Please repeat the records exactly from their first line, finishing at the line containing "在秋高氣爽的日子里,會議期間" and including it.

[Records contained in a dataset]
———
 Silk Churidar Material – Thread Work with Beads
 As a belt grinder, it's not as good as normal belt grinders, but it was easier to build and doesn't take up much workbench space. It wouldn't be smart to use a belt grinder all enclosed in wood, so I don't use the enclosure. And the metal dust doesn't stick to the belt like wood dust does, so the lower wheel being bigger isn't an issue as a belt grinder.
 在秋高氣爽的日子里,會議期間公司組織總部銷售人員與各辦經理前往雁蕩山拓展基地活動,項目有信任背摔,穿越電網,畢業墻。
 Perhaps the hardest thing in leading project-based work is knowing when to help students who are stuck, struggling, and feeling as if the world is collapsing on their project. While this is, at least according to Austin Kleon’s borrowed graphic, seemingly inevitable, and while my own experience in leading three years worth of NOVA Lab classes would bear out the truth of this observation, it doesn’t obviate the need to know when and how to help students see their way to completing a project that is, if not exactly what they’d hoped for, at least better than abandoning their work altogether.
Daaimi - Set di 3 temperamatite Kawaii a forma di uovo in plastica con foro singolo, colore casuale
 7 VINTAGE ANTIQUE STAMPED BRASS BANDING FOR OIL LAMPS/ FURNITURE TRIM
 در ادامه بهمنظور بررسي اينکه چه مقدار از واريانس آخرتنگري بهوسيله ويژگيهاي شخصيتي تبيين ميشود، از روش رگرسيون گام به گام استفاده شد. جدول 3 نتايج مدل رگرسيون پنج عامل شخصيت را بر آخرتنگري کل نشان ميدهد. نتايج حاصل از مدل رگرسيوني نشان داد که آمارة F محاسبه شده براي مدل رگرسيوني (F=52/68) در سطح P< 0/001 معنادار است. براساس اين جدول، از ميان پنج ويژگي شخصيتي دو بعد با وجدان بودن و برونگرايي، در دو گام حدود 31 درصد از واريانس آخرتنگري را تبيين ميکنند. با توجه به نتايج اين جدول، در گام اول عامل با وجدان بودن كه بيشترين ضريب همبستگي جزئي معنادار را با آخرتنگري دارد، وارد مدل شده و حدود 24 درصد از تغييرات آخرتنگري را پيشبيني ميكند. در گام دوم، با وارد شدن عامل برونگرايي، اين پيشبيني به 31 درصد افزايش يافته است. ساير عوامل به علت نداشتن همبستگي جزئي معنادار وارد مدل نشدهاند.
———
* PROBLEM SOLUTION
 Silk Churidar Material – Thread Work with Beads
 As a belt grinder, it's not as good as normal belt grinders, but it was easier to build and doesn't take up much workbench space. It wouldn't be smart to use a belt grinder all enclosed in wood, so I don't use the enclosure. And the metal dust doesn't stick to the belt like wood dust does, so the lower wheel being bigger isn't an issue as a belt grinder.
 在秋高氣爽的日子里,會議期間公司組織總部銷售人員與各辦經理前往雁蕩山拓展基地活動,項目有信任背摔,穿越電網,畢業墻。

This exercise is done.